The new shop still isn’t clearing the money the old shop did (about $1,000 a month compared to $1,200 a month, even in the worst of its days) but Juray hopes that time will solve that. "All my life, I’ve been a pusher," he said. "I like to push myself; I like to depend on myself only."

Those words must sound like music at HFLS, where the mission is to help people overcome financial woes by giving them "a hand up," as its literature says. The philosophy comes from Maimonides, the great Jewish sage who wrote about "a ladder of charity," said Shana Novick, the society’s executive director. The highest step involves helping the poor or near-poor attain self-sufficiency. HFLS, established in 1892, makes a variety of different loans, all interest-free, including loans to help Jewish day-school teachers purchase their first homes, loans to help Jewish couples or individuals adopt children and loans to help emigres train for new jobs. The average non-enterprise loan is $5,000, Novick said.

The society’s microenterprise loans, varying from $10,000 to an average of $25,000, stem, in part, from the growing popularity of microcredit.

Muhammad Yunus and the Grameen Bank, which he founded in the early 1980s, pioneered the concept in the Third World, making millions of loans to impoverished residents, mostly women. But the idea has spread across the globe, including the United States, where about 600 microcredit programs now operate, said Sara Ignas, a spokeswoman for the Virginia-based Association for Enterprise Opportunity.

The average microloan in the United States is about $7,000, far larger than the ones in Third World countries, said Ignas.

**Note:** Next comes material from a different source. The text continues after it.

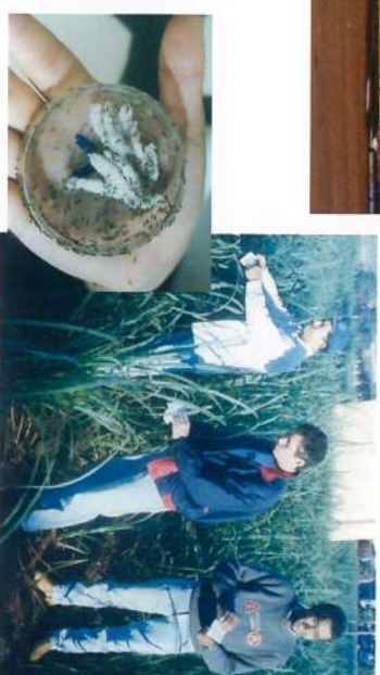
■ Controle Biológico de Pragas com liberação da vespa Cotesia e aplicação do fungo Metarhizium.

In addition, unlike HFLS, nearly all the programs charge interest, although at below-market rates.

Locally, one of the organizations that offer microloans is the New York Association for New Americans, which, like HFLS, is a Jewish agency funded partly by UJA-Federation of New York. NYANA’s Microloan Fund, launched in 1998, made about 126 loans in the past fiscal year, each of which carried a nominal amount of interest, said Yanki Tshering, a vice president of the agency.

Launching such a program had been on the "radar screen" at HFLS for years, said Novick, a lawyer who joined the agency in 1995. In fact, one reason Novick believes she was hired at the society is because of her experience working with charities at the Ford Foundation, an early supporter of Yunus and the Grameen Bank.

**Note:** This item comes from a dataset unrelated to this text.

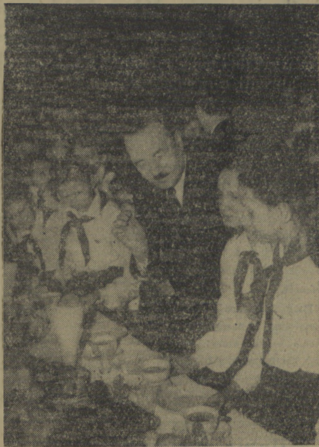
W dniu 6 stycznia 1954 roku kilkaset dzieci — przodowników nauki i pracy społecznej z całego kraju przybyło na zaproszenie Prezesa Rady Ministrów Bolesława Bieruła na uroczystość choinki noworocznej do Urzędu Rady Ministrów w Warszawie.

Another factor is the history of the society, whose early loans helped pushcart peddlers, tailors and other small-business owners. The loans, long before the word microcredit was even coined, were to the tune of $5, $10 and $15.

The final push in establishing its Microenterprise Loan Program came from the Jewish Community House of Bensonhurst (JCH), which approached the society about establishing microloans, Novick said. JCH’s Business Club, now a partner in the program, works with the society in promoting the loans, screening applicants and providing small-business training to recipients, nearly all of whom are Russian-speaking Jews in South Brooklyn.

Running a microloan program in a complex society is much more complicated than it is in the Third World, Novick pointed out. "You can’t just loan someone $5 to buy a cow."

As a result, the two agencies "funnel" candidates by interviewing them during an initial screening, the first step in determining how serious or committed they might be said Natasha Srulowitz, the program’s coordinator. The next stage requires candidates to develop a business plan in consultation with an expert or mentor provided by HFLS: a blueprint that is then reviewed by Srulowitz and considered by a microenterprise committee.

Before receiving a loan, the applicant must provide two guarantors and agree to register their business. They also have to invest at least 20 percent of their own money in the business’ initial costs and, if they lack business experience, attend a seven-week course for small-business owners offered at the JCH.

In addition to Boris Juray, the tailor, other recipients have included a woman who purchased a hair salon in Bay Ridge after seeing customers in her own home, a brother and sister who opened a flower shop in Port Washington, N.Y., and another woman who runs a gourmet cafÈ in Midwood, Brooklyn.